What are ‘rare diseases?
- These are often serious, chronic, and life-threatening conditions.
- WHO defines a rare disease as an often-debilitating lifelong disease or disorder with a prevalence of 1 or less, per 1000 population.
- However, different countries have their own definitions.
- A disease or disorder is defined as rare in India when it affects fewer than 1 in 2500 individuals.
- There may be as many as 7,000 rare diseases, individual diseases may be rare, and the total number of people with a rare disease is large.

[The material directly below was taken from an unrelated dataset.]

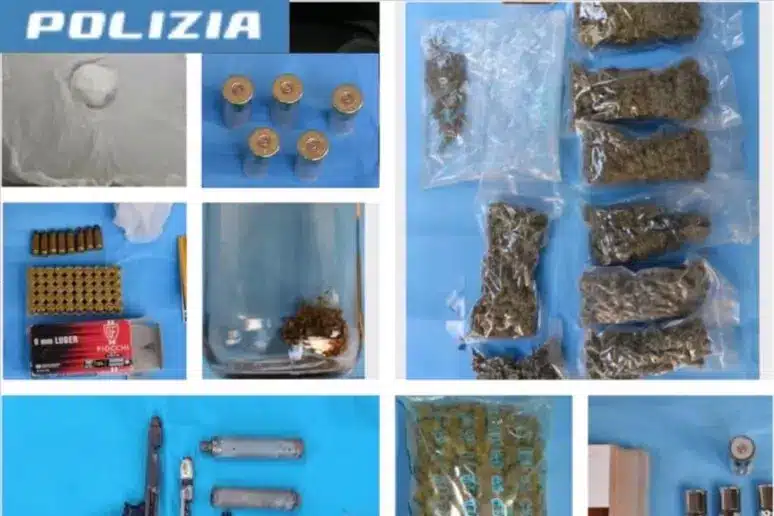 L’attenzione degli agenti si è poi concentrata su una cantina, dalla quale proveniva un forte odore di marijuana. Gli accertamenti hanno permesso di risalire al soggetto che aveva la disponibilità del locale. All’interno, la Polizia ha trovato un fucile a canne mozze privo di matricola; 10 cartucce calibro 12; 701,1 grammi di marijuana suddivisi in 8 involucri; 9,5 grammi di cocaina; materiale per pesare e confezionare la droga. In un’intercapedine del muro perimetrale di un edificio vicino, inoltre, è stato trovato un altro involucro di marijuana, 505,4 grammi, confezionato con lo stesso tipo di busta rinvenuto nella cantina. L’uomo è stato arrestato per detenzione di arma clandestina modificata, ricettazione, possesso abusivo di munizioni e detenzione ai fini di spaccio di sostanze stupefacenti.(ANSA)

- Examples: Lysosomal Storage Disorders (LSD), Gaucher disease, Pompe disease, cystic fibrosis, muscular dystrophy, spina bifida, haemophilia, MPS 1 and 2, and Fabry disease.
Treatment:
- About 95% of rare diseases have no approved treatment even when a correct diagnosis is made.
- Rare diseases are also called ‘orphan diseases’ and drugs to treat them are called “orphan drugs” because of the expensive nature of available drugs.
About National Policy of Rare Diseases (NPRD):
- The National Policy of Rare Diseases (NPRD) was notified in March 2021.
- Aim:
- To increase focus on indigenous research and local production of medicines.
- To lower the cost of treatment of rare diseases.
- To screen and detect rare diseases early at early stages, which will in turn help in their prevention.
- Categorization: The policy has categorized rare diseases into three groups:
- Group 1: Disorders amenable to one-time curative treatment.
- Group 2: Those requiring long-term or lifelong treatment.
- Group 3: Diseases for which definitive treatment is available but challenges are to make an optimal patient selection for benefit, very high cost, and lifelong therapy.
- Financial Support:
- Provision for financial support of up to Rs.50 lakhs to the patients suffering from any category of Rare Diseases and for treatment in any of the Centre of Excellence (CoE) mentioned in NPRD-2021, outside the Umbrella Scheme of RashtriyaArogaya Nidhi.
Rashtriya Arogya Nidhi
- The Scheme provides financial assistance to patients, living below the poverty line (BPL) and who are suffering from major life-threatening diseases, to receive medical treatment at any of the super speciality Government hospitals/institutes.